Shilling scolds IMF as deficit narrows

CBK building in Nairobi on March 28,2017. PHOTO/ENOS TECHE.
CBK building in Nairobi on March 28,2017. PHOTO/ENOS TECHE.

High exports and low imports in the third quarter of 2018 saw the shilling start this year at 0.5 per cent higher compared to the same period last year.

According to the Balance of Payment Q3 report released by Kenya National Bureau of Statistics on New Year’s eve, total exports grew 3.9 per cent to Sh150.6 billion compared to Sh 145.0 billion recorded in Q3 of 2017. On the contrary, the value of imports dropped by 4.3 per cent to Sh 432.3 billion over the same period.

“The increase in value of total exports coupled by decline in the value of imports, resulted into narrowing of the merchandise trade deficit from Sh 306.7 billion in the third quarter of 2017 to Sh 281.7 billion in the same quarter of 2018,” KNBS said.

Decrease in the current account deficit was mainly driven by increased value of exports in goods and services as well as reduced value of food imports.

Merchandise trade balance improved to a deficit of Sh250 billion in the third quarter under review compared to a deficit of Sh279 billion dollars in the same period of 2017.

Africa remained the leading destination for Kenya’s exports, accounting for 35.9 percent of the country’s total exports followed by the European Union accounted for 19.7 per cent of total exports estimated at Sh29 billion.

Total exports to China, India and Japan increased by 62.4 per cent, 73.6 percent and 12.9 per cent respectively, indicating Kenya’s inroads to the Asian market.

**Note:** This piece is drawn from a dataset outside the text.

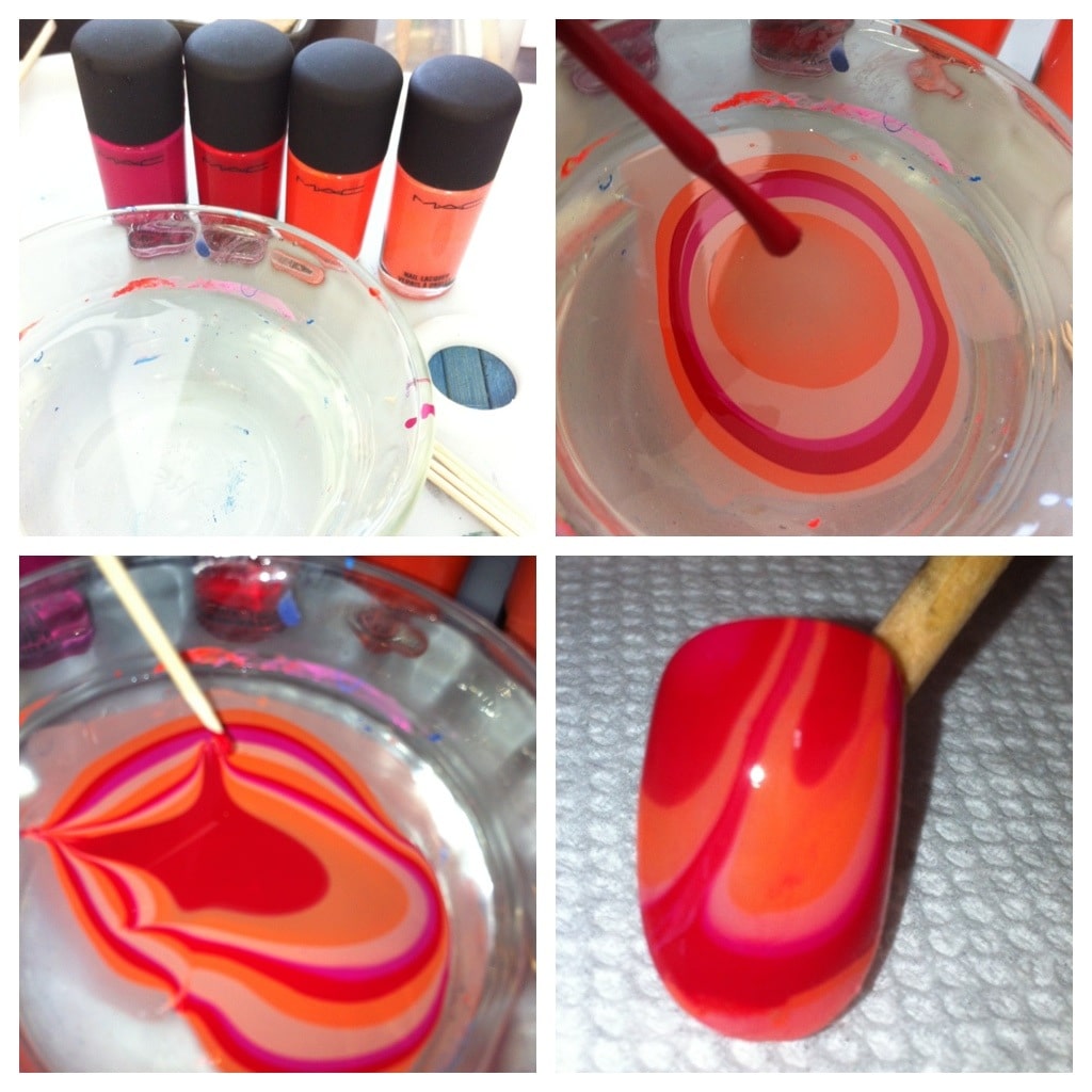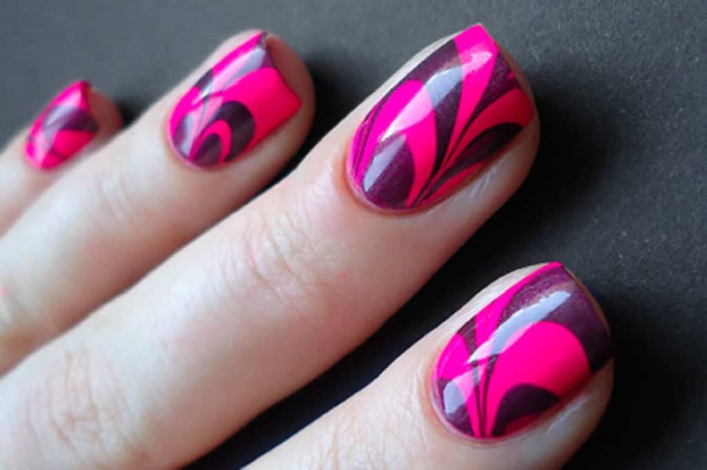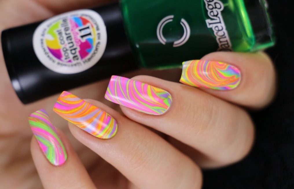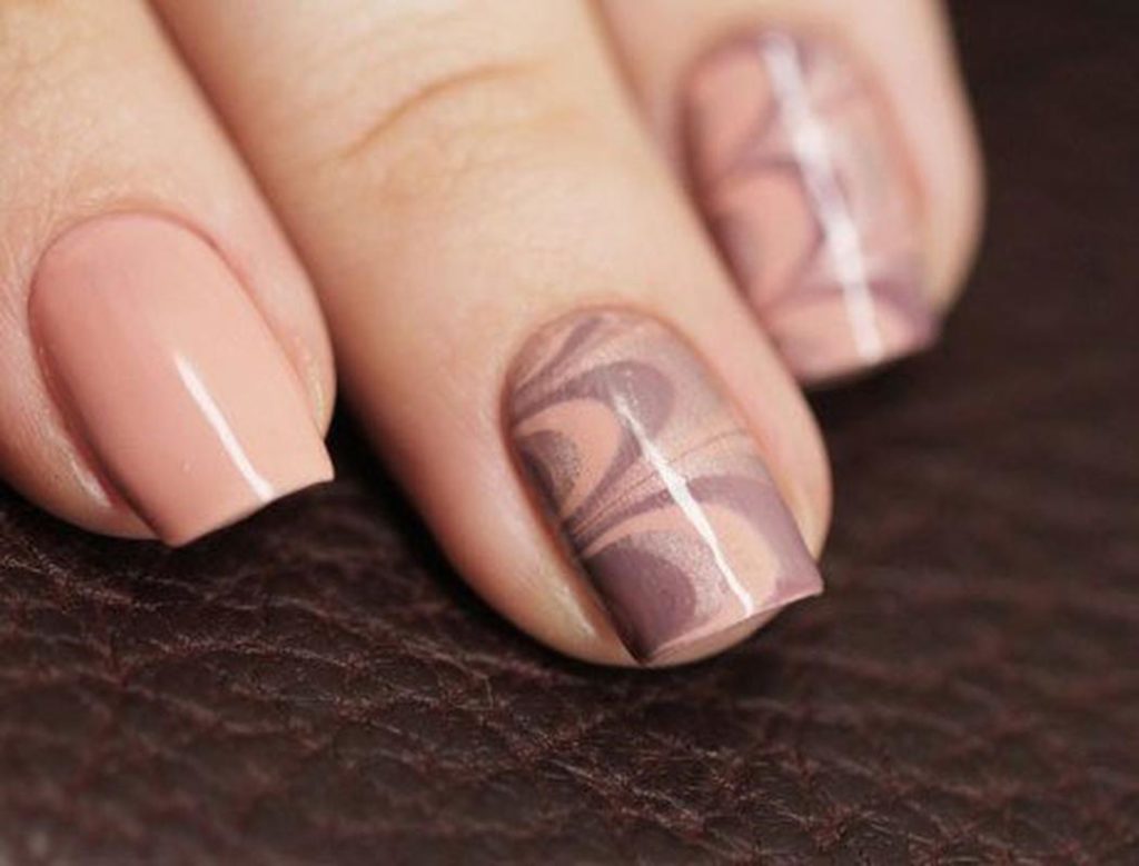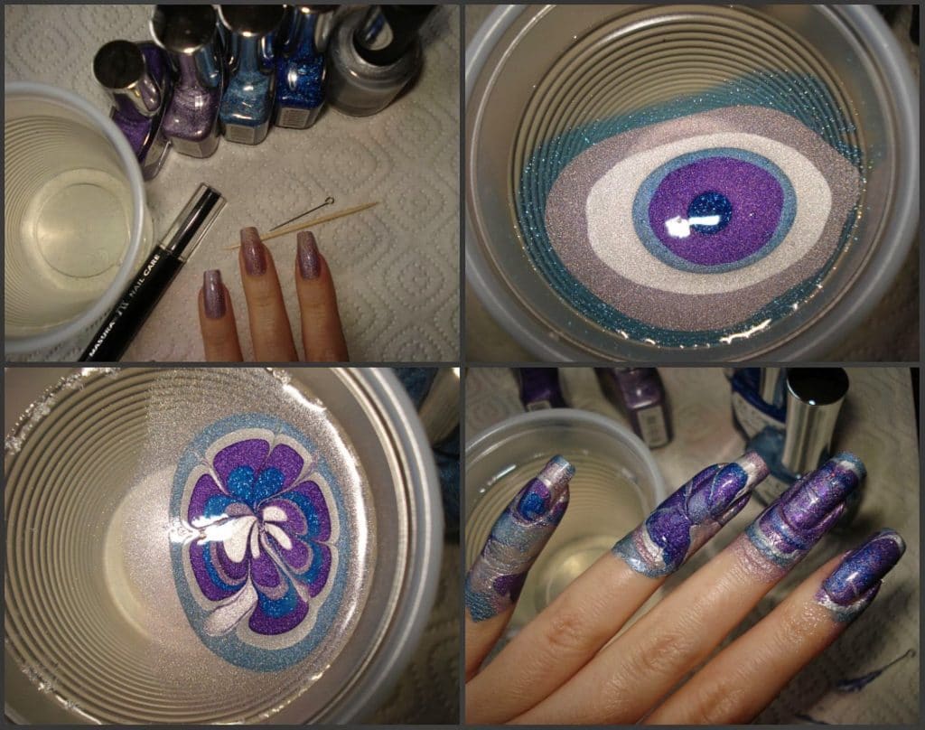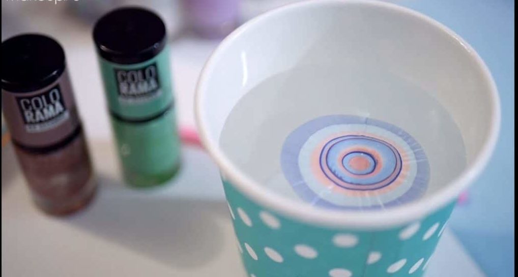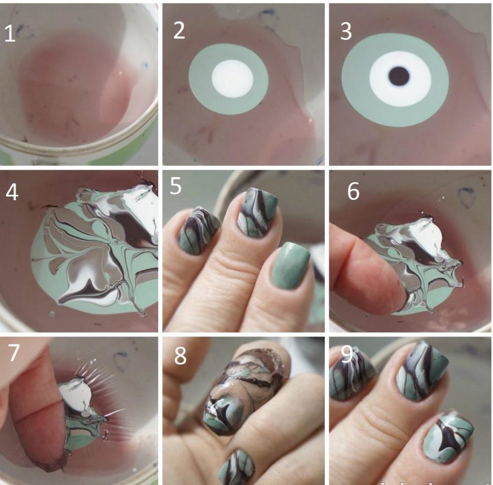 We wrap the finger with tape, leaving the nail itself uncoiled. Then lower the finger perpendicular to the water with varnishes. When you pull out your finger, the entire pattern of colored varnish is imprinted on your nail. Excess varnish is easily removed with acetone. Moisten a cotton swab or sponge with it and gently wipe off any excess.

The trade balance dynamics during the quarter favoured the shilling, which had come under siege in November, losing ground to the greenback, dropping to a low of 103.17 in mid-November.

On Monday, Central Bank of Kenya quoted the shilling at 101.84 compared to Sh102.35 on Jan 2, 2018, 50 basis points higher despite various analysts including the International Monetary Fund predicting doom for the shilling in October.

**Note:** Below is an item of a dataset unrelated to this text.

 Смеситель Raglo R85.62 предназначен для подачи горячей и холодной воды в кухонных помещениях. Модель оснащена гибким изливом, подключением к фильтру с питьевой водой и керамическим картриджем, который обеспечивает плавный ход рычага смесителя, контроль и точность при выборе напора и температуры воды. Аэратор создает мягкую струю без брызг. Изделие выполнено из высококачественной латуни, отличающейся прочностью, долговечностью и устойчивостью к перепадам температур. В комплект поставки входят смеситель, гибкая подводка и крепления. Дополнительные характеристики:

Global rating firm Fitch Solution in its study dubbed Africa Monitor- East and Central Africa predicted the shilling to close the year at 103.50 as demand for dollars by importers spikes during this festive season.

In a report in October following a review on Kenya’s economic health, the international lender said the shilling may be overvalued by up to 17.5 per cent adding that it risked being classified as “managed” rather than operating on the forces of demand and supply.

Kenya dismissed the report, with CBK governor Patrick Njoroge terming it as ‘black box’ analysis of shilling’s performance.